* [WHAT YOU WILL DO]
Beginning with the line that holds "Another area we experienced great success" and finishing with the line that holds "This is a relatively", repeat the listing exactly, leaving every picture out.

* [RECORDED INFORMATION]
**********

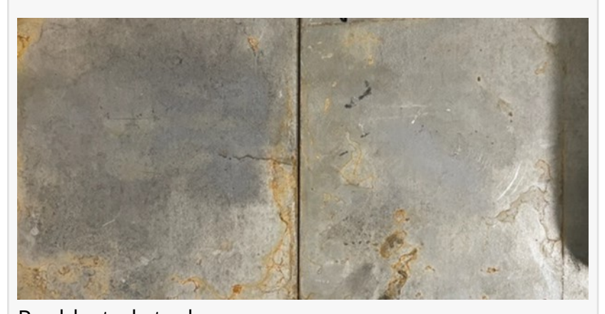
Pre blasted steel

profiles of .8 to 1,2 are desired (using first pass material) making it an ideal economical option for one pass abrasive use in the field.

**********

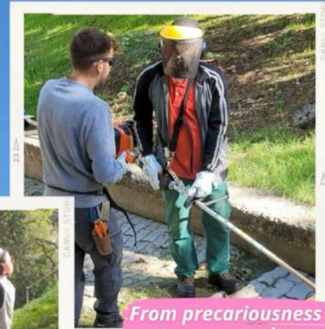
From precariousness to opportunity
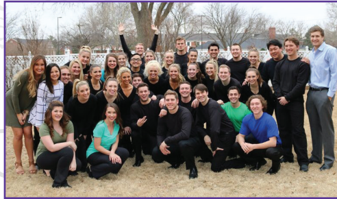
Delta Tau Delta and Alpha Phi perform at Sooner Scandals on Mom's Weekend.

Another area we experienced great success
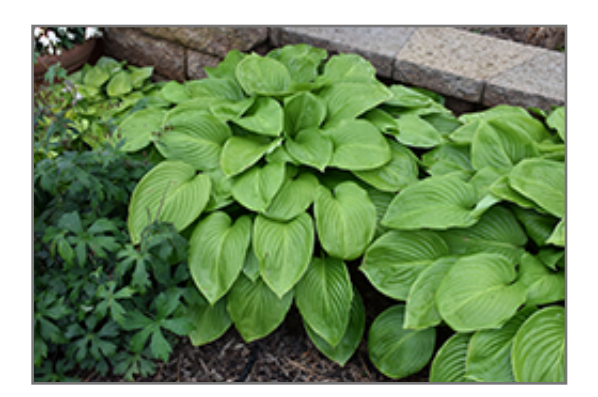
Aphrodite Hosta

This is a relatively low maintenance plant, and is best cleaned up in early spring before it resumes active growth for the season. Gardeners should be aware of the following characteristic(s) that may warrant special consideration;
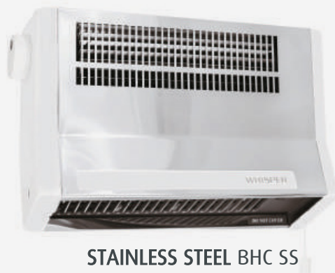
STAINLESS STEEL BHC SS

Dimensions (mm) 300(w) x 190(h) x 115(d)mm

**********

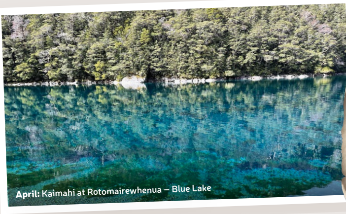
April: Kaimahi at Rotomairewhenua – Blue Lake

**********

* [EXERCISE SOLUTION]
Another area we experienced great success
Aphrodite Hosta

This is a relatively low maintenance plant, and is best cleaned up in early spring before it resumes active growth for the season. Gardeners should be aware of the following characteristic(s) that may warrant special consideration;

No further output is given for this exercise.